10:18 am in Storm Chase VToo.2, Storm Chasing by Ted Keller

What a crazy day!  I knew the night before that the Storm Predicion Center (SPC) had put out a 10% tornado risk for the day, the highest of our chase week, so I was excited and ready to go.

My chase partner Matt Gingery had caught a head cold and was trying to get better.   During the process of breakfast and video editing which occurs every morning in the motel room, Annette Gaillard from Artbeats, who we are guiding to the storms to get high quality footage, informs us our vehicle has a flat tire!

O.K., I never had to deal with a flat while chasing although it is certainly possible while storm chasing, one of the many things you should consider if you’re thinking about chasing storms.  My first thought was thank goodness if didn’t occur WHILE we were chasing!  The whole process took about an hour to take care of but we had the time since the storm risk was right in our backyard!

When it came down to hitting the road, our initial thought was to head west from Sterling, Colorado closer to where storms were expected to fire.  As we were doing so, the SPC issued a mesoscale discussion for areas back to our east!  Not wanting to miss initiation of storms in extremely unstable air, we backtracked through Sterling and headed for extreme northeastern Colorado instead.  We noticed that the Dominator was holding up out there (one of only a very few who were actually) so we felt like it was a gamble which could pay off.  Besides, how big could Colorado be?

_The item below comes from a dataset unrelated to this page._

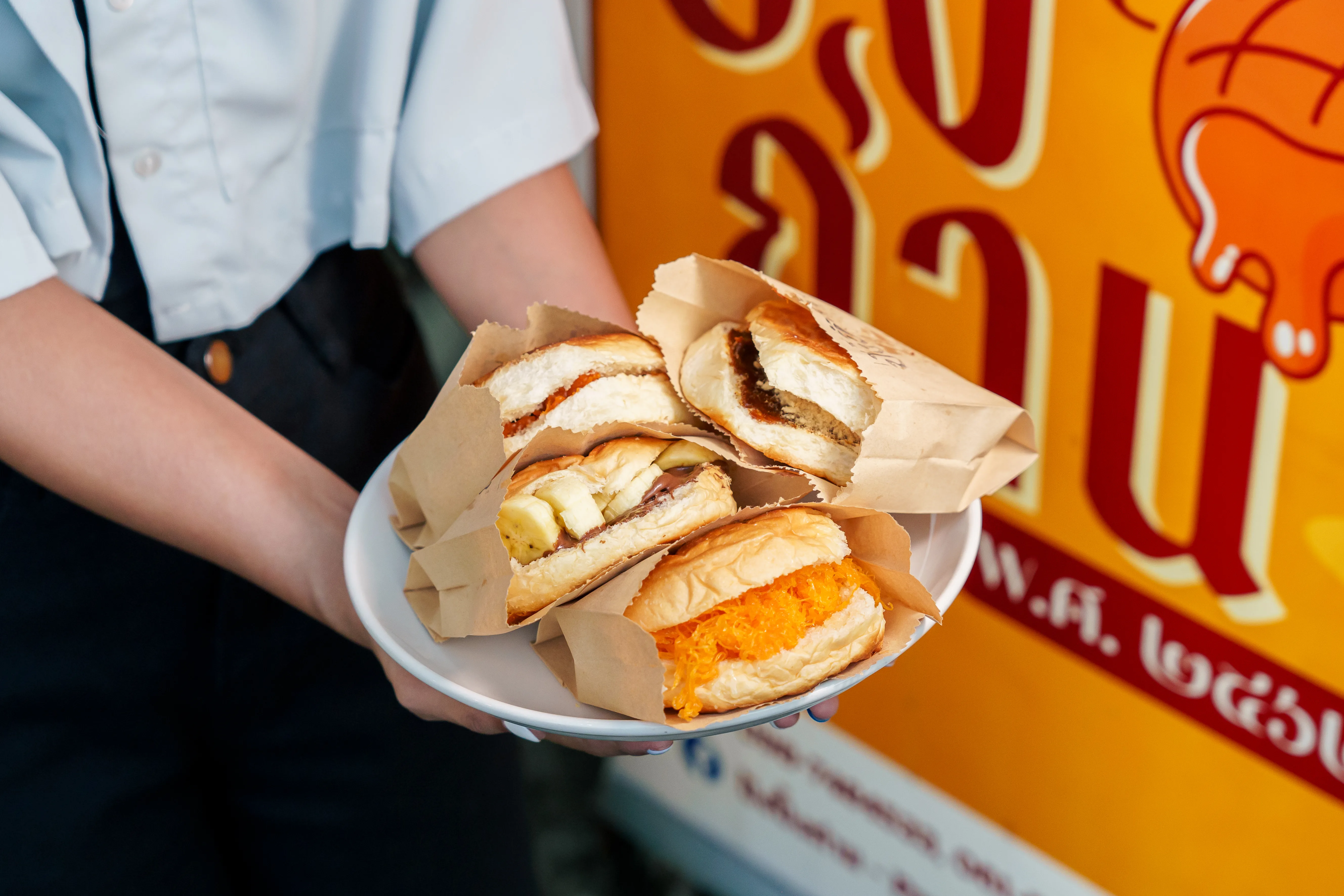 มีให้เลือกหลายไส้ ทั้งเนย+นม, ชาไทย, นูเทลล่ากล้วย, ฝอยทอง+นม และอีกเพียบ!

We could always race back west if we needed to, right?

Well, that’s exactly what we saw other chasers doing and a quick check of radar revealed why.  Storms were rapidly firing near the Denver area.  But we noticed another lone storm going up just southeast of Limon.  I liked this cell because it was off by itself and on the way to the other storms, a win-win set-up really.  If this storm could take root, we would be one of the few chasers on it and avoiding chaser convergence when possible is a good thing!

The Colorado State Highway patrol officer who pulled us over didn’t care about chaser convergence, he just wanted us to stop taking liberties with the speed limit!  We has a happy guy, which helped us, who also apparently did not have a bad impression of storm chasers.  We got off with a warning and were on our way.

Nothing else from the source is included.